How the bldg is now, in the lower level are 1-1/2 gate valves on the hall ceiling that span the hallway, a few are in a couple for the room, these valves would allow us to shut down some of the rooms, cold side only, but if we needed to work on a hot water side of a fixture, we had to shut the valves off in the boiler/steam mechanical room, this shut everyone off of hot water supply.

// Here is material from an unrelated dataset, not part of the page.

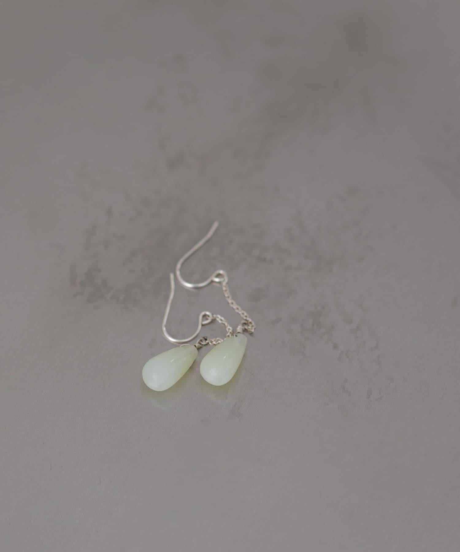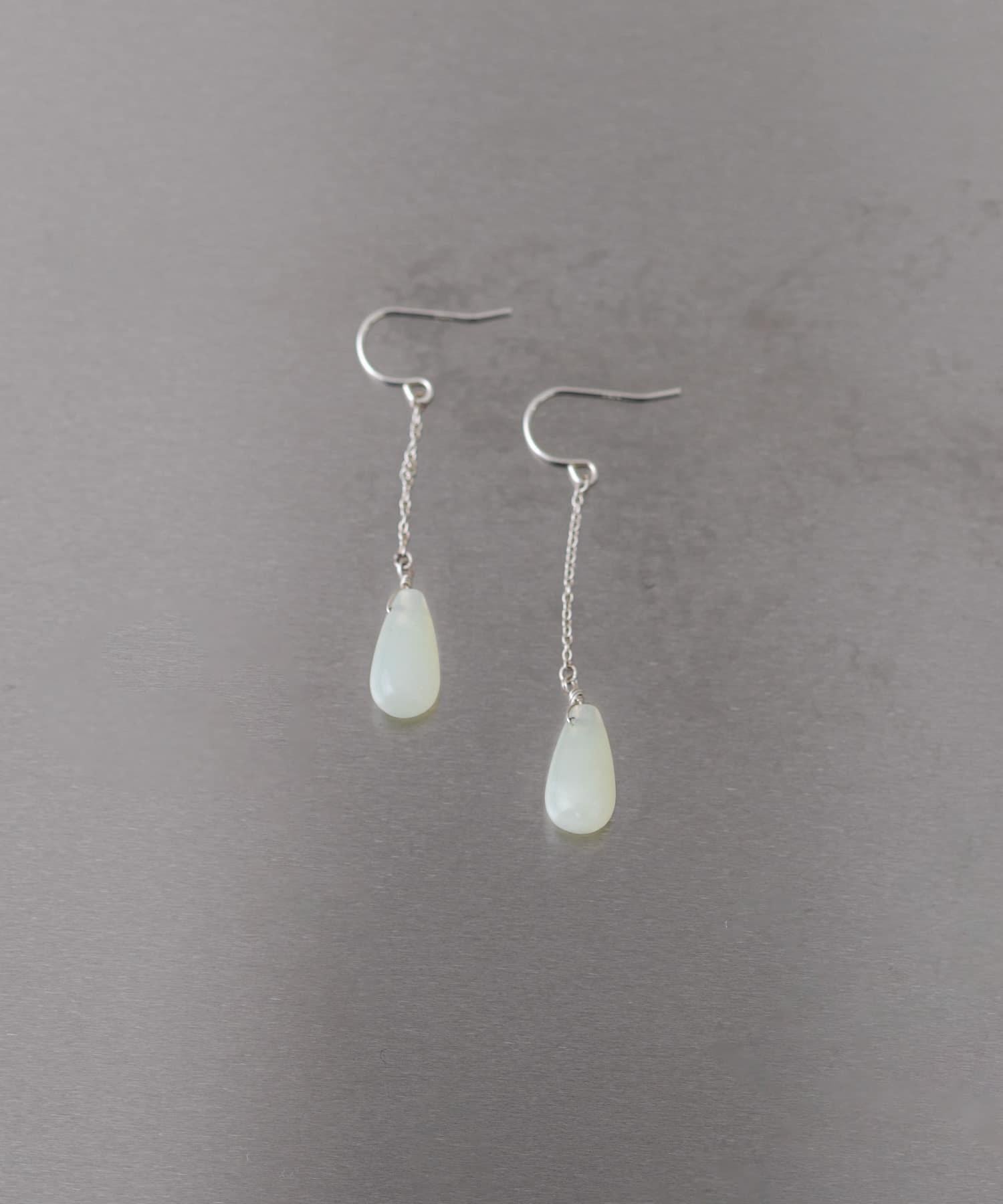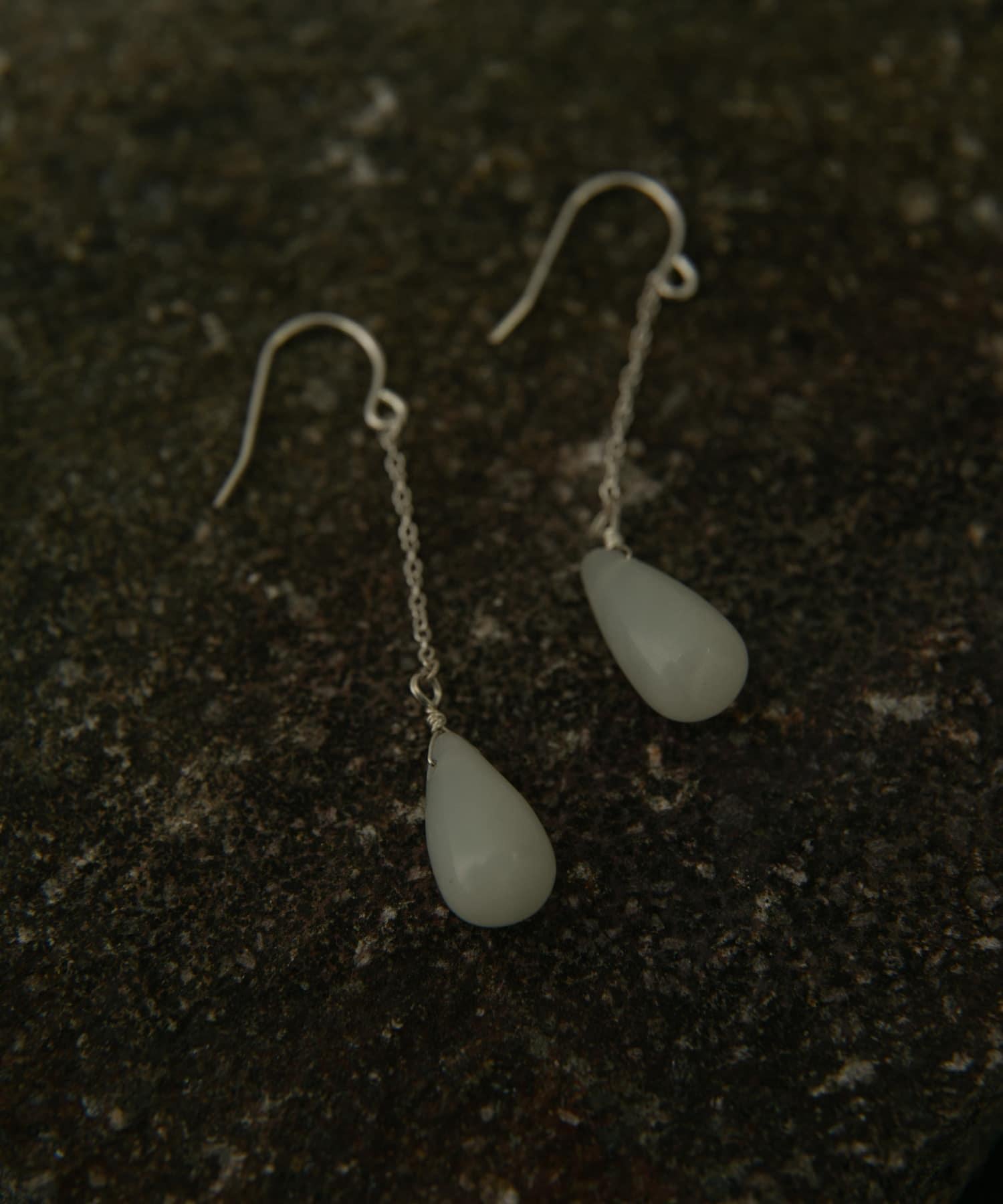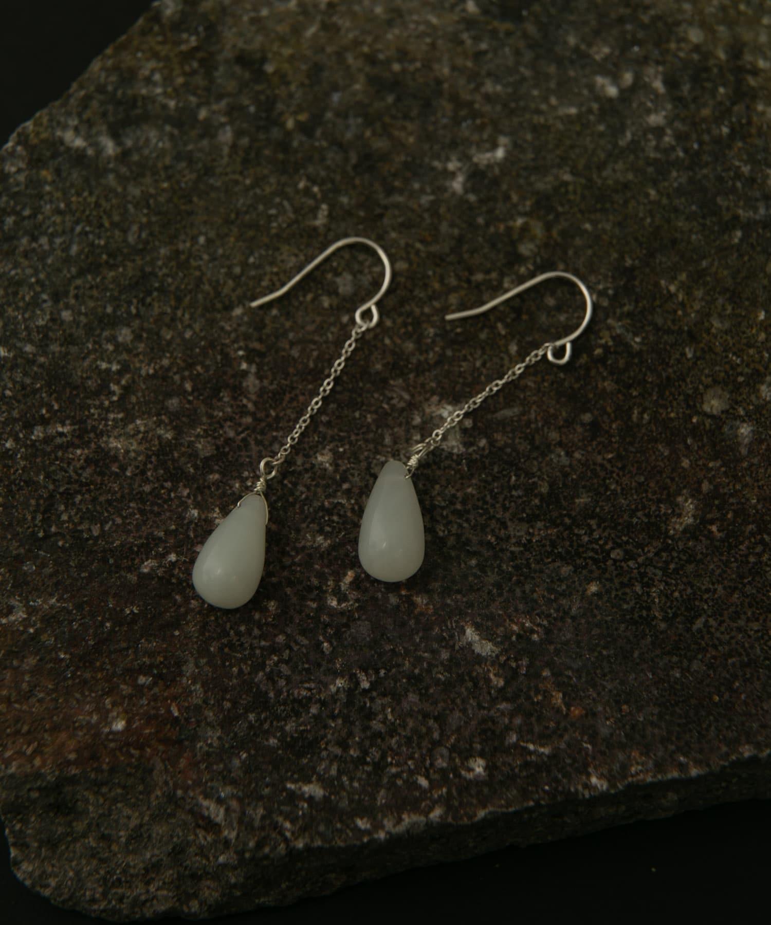 這款長耳環的特色是引人注目的水滴形新玉。

So there is going to be alot a caps getting installed from the start, we all know what can happen when you start to cut and cap screwed pipe.


----------



## KJCP&H152 (Sep 10, 2011)

Way undersized. Are you re-piping the domestic only on this job? Where does the steam come in? Also, hope each day you re-charge the building you have the shut off to each units kitchents faucets off etc. Assuming they hold. You'll be able to make sure the sediment wont flush into the heads of the pull outs or errators? NOT BASHING. Just a heads up. Not quite sure of the scope either. GOOD LUCK


----------



## ILPlumber (Jun 17, 2008)

KJCP&H152 said:


> Way undersized.


Re-read it. HE SAID. Copper mains with pex 1" and below. Please read and understand before posting.

Also,
POST AN INTRO

www.plumbingzone.com/f3


----------



## Ron (Jun 12, 2008)

KJCP&H152 said:


> Way undersized. Are you re-piping the domestic only on this job? Where does the steam come in? Also, hope each day you re-charge the building you have the shut off to each units kitchents faucets off etc. Assuming they hold. You'll be able to make sure the sediment wont flush into the heads of the pull outs or errators? NOT BASHING. Just a heads up. Not quite sure of the scope either. GOOD LUCK



I'll learn more about details once it gets started, yes domestic only, but yea fun times are on the horizon.


----------



## ILPlumber (Jun 17, 2008)

Ron, 
I have done many many commercial re-pipes. I run new mains with ball valves pointing at each fixture. 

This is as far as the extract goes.